We are thinking of hosting a Geography meet up at the AAG in April to get a chance to meet some of you who will be in attendance of the conference or in the area. It will also be a chance to celebrate our 300th weekly episode which will come out the day after the AAG wraps up. The main thing that we are missing right now is a place to hold said meet up. If you are in Seattle or familiar with the area around the Sheraton and Convention Center and have suggestions of a place that be used for a small meet up please email me or leave a comment on this post with your suggestion. I would like to keep the location within 4-5 blocks of the conference if possible and we will probably try to have it on Thursday or Friday night (April 14 or 15).
I have noticed lately that increasingly conferences outside of the geospatial sphere are specifically requesting geospatially related topics. I think it shows the integration and acceptance or growing need for “every day” geospatial skills and geospatial literacy outside of fields normally thought of as being obviously geo-related. It means that for geospatial users who often could not find people who “spoke their language” except at specialized conferences (American Association of Geographers (AAG), Esri International User Conference among others), there is growing opportunity for learning and sharing skills with other people within their specific profession.
Some of the places I have seen this trend are in the recent Society for Information Technology & Teacher Education (SITE) which has a 20 Year history of technology & teacher education. They included both geospatial technologies, 3D modeling for manufacturing, and serious gaming in their topics for the upcoming 2011 conference. They state that skills in these areas are becoming an important part of education and future job preparation for students.

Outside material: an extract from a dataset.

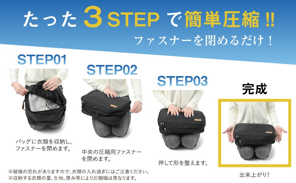 ファスナーで簡単圧縮! 〜3ステップ〜

The prestigious EPA Science To Achieve Results (STAR) Fellowships For Graduate Environmental Study included this special note which states that awards, “may involve the collection of “Geospatial Information,” which includes information that identifies the geographic location and characteristics of natural or constructed features or boundaries on the Earth or applications, tools, and hardware associated with the generation, maintenance, or distribution of such information. This information may be derived from, among other things, a Geographic Positioning System (GPS), remote sensing, mapping, charting, and surveying technologies, or statistical data.”
Sue and I are preparing for our first trip to GEOINT 2010 Symposium next week in New Orleans. We have some conversations planned already both at the conference and a quick trip over to the University of New Orleans, but there are still slots in our calendar. If you are going to be on site exhibiting, presenting, or just kicking back and absorbing and would like to talk about your take on geospatial intelligence feel free to contact us. We will see you next week in New Orleans!
I am putting the finishing touches on a paper session that will highlight outreach efforts in Geography and/or geospatial technologies. I need another paper or two to round out the session. If you are doing any outreach work, formal or informal, and you are interested in sharing your successes and lessons learned please contact me at “jesse dot rouse at uncp dot edu” by Tuesday (19 Oct). Deadline for abstracts is this Wednesday, 20 October and you have to register to submit your abstract.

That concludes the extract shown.